» **What to produce**:
Leave out the pictures, and copy exactly the lines from the line with "进入中年(约40-59岁)后" through the last line of the data below.

» **Source data**:
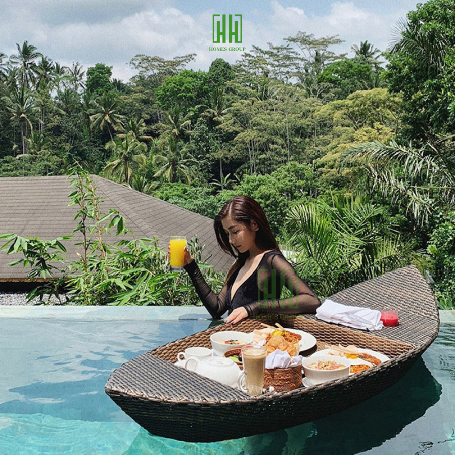 – Khay đồ ăn nổi được sản xuất theo dây chuyền công nghệ xịn xò nhất đã ra đời, giúp các chủ biệt thự, khách sạn, resort có thêm điểm cộng =>> giúp các thượng để khỏi cần sang Bali mà vẫn có thể có trải nghiệm sang + xịn + mịn ở Việt Nam nha
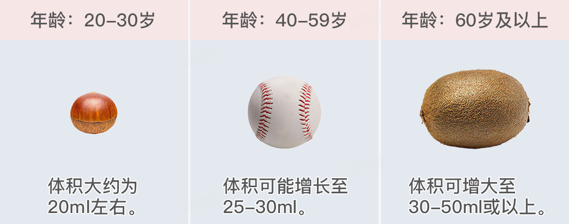 进入中年(约40-59岁)后,前列腺会逐渐出现一些生理性变化。其大小通常会有一定程度的增长,底部横径可能会增加到4.5cm左右,纵径约3.5cm,前后径约2.5cm,体积可能增长至25-30ml。
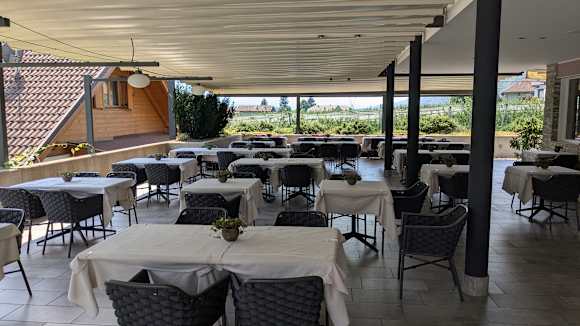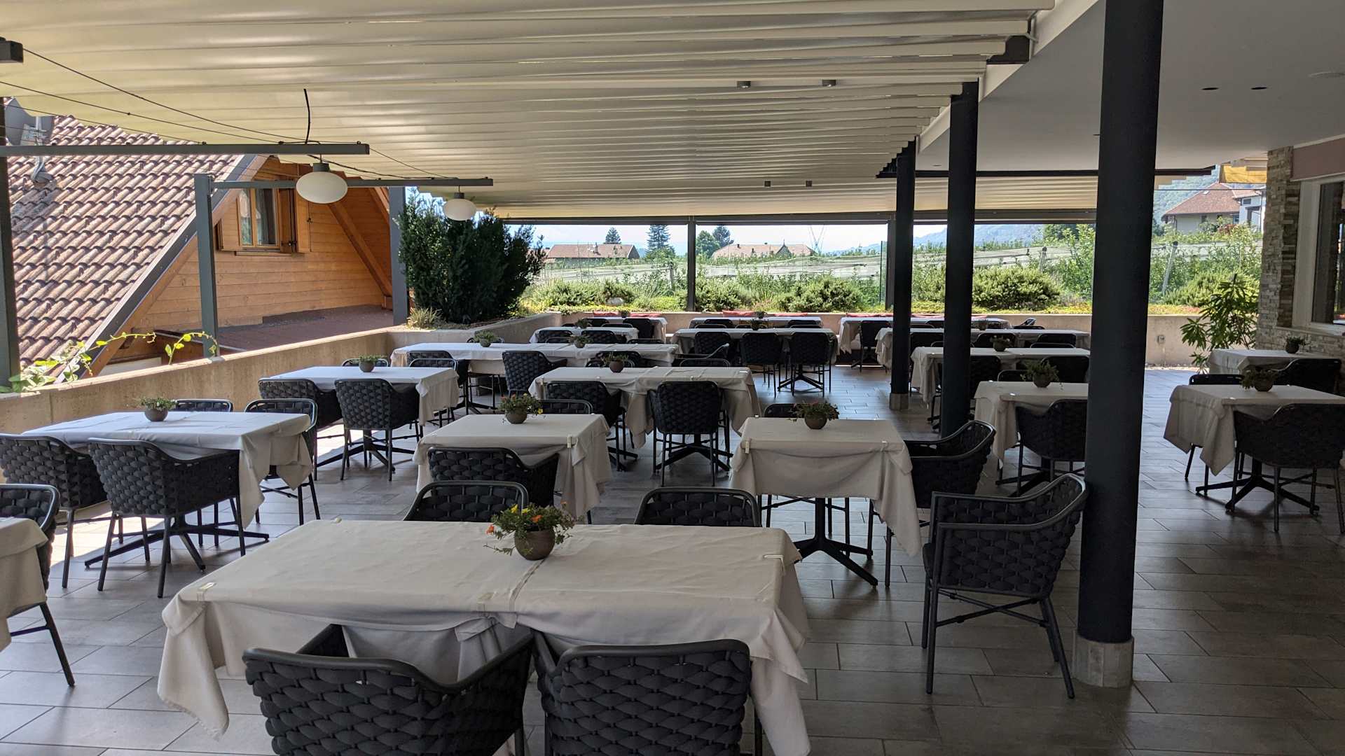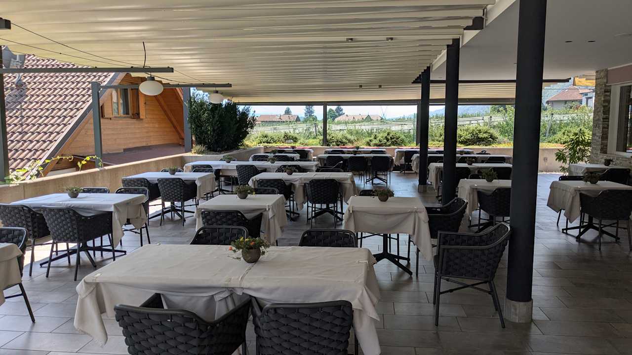 Hier gab es bei Frühstück und Abendessen bei schönem Wetter.

» **Exercise response**:
 进入中年(约40-59岁)后,前列腺会逐渐出现一些生理性变化。其大小通常会有一定程度的增长,底部横径可能会增加到4.5cm左右,纵径约3.5cm,前后径约2.5cm,体积可能增长至25-30ml。
 Hier gab es bei Frühstück und Abendessen bei schönem Wetter.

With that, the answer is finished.